INSTRUCTIONS TO FOLLOW: Write out the lines below once more, exactly as they appear. Do not include pictures.

### RAW DATA ###

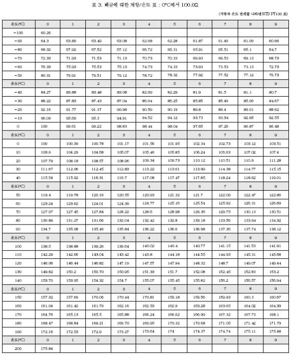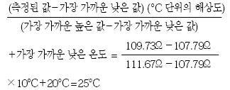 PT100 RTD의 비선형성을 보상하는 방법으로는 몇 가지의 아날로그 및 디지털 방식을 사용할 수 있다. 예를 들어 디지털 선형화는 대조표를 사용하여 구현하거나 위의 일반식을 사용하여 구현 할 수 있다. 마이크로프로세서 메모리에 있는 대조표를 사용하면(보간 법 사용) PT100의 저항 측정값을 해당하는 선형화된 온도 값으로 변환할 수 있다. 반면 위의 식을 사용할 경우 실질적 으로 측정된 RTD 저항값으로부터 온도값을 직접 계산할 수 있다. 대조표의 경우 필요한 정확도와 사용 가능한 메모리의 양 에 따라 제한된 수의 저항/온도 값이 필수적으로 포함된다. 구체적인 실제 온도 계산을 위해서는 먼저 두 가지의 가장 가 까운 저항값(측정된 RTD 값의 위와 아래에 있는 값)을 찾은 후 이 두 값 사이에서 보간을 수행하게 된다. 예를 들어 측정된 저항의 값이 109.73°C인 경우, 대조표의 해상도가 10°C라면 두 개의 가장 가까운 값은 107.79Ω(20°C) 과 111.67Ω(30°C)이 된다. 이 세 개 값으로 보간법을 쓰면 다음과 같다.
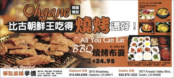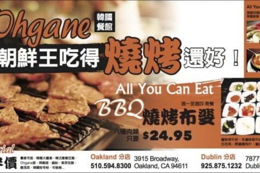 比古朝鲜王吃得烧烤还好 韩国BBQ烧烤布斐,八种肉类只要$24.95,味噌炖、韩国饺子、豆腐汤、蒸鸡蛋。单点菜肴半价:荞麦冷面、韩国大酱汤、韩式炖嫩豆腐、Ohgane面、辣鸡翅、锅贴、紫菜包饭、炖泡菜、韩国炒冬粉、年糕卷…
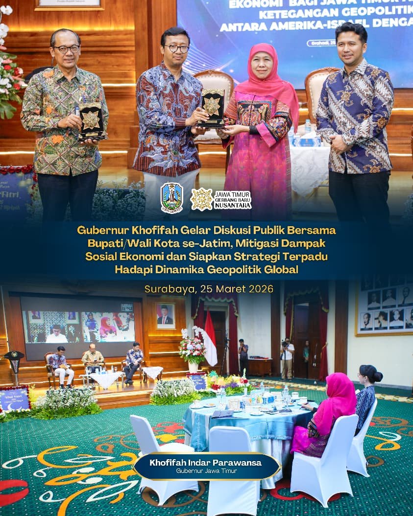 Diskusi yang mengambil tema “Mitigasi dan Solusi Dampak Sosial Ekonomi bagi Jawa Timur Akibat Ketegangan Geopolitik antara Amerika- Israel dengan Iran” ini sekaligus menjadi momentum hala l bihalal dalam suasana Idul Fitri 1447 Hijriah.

###

RESPONSE TO THE TASK:
 PT100 RTD의 비선형성을 보상하는 방법으로는 몇 가지의 아날로그 및 디지털 방식을 사용할 수 있다. 예를 들어 디지털 선형화는 대조표를 사용하여 구현하거나 위의 일반식을 사용하여 구현 할 수 있다. 마이크로프로세서 메모리에 있는 대조표를 사용하면(보간 법 사용) PT100의 저항 측정값을 해당하는 선형화된 온도 값으로 변환할 수 있다. 반면 위의 식을 사용할 경우 실질적 으로 측정된 RTD 저항값으로부터 온도값을 직접 계산할 수 있다. 대조표의 경우 필요한 정확도와 사용 가능한 메모리의 양 에 따라 제한된 수의 저항/온도 값이 필수적으로 포함된다. 구체적인 실제 온도 계산을 위해서는 먼저 두 가지의 가장 가 까운 저항값(측정된 RTD 값의 위와 아래에 있는 값)을 찾은 후 이 두 값 사이에서 보간을 수행하게 된다. 예를 들어 측정된 저항의 값이 109.73°C인 경우, 대조표의 해상도가 10°C라면 두 개의 가장 가까운 값은 107.79Ω(20°C) 과 111.67Ω(30°C)이 된다. 이 세 개 값으로 보간법을 쓰면 다음과 같다.
 比古朝鲜王吃得烧烤还好 韩国BBQ烧烤布斐,八种肉类只要$24.95,味噌炖、韩国饺子、豆腐汤、蒸鸡蛋。单点菜肴半价:荞麦冷面、韩国大酱汤、韩式炖嫩豆腐、Ohgane面、辣鸡翅、锅贴、紫菜包饭、炖泡菜、韩国炒冬粉、年糕卷…
 Diskusi yang mengambil tema “Mitigasi dan Solusi Dampak Sosial Ekonomi bagi Jawa Timur Akibat Ketegangan Geopolitik antara Amerika- Israel dengan Iran” ini sekaligus menjadi momentum hala l bihalal dalam suasana Idul Fitri 1447 Hijriah.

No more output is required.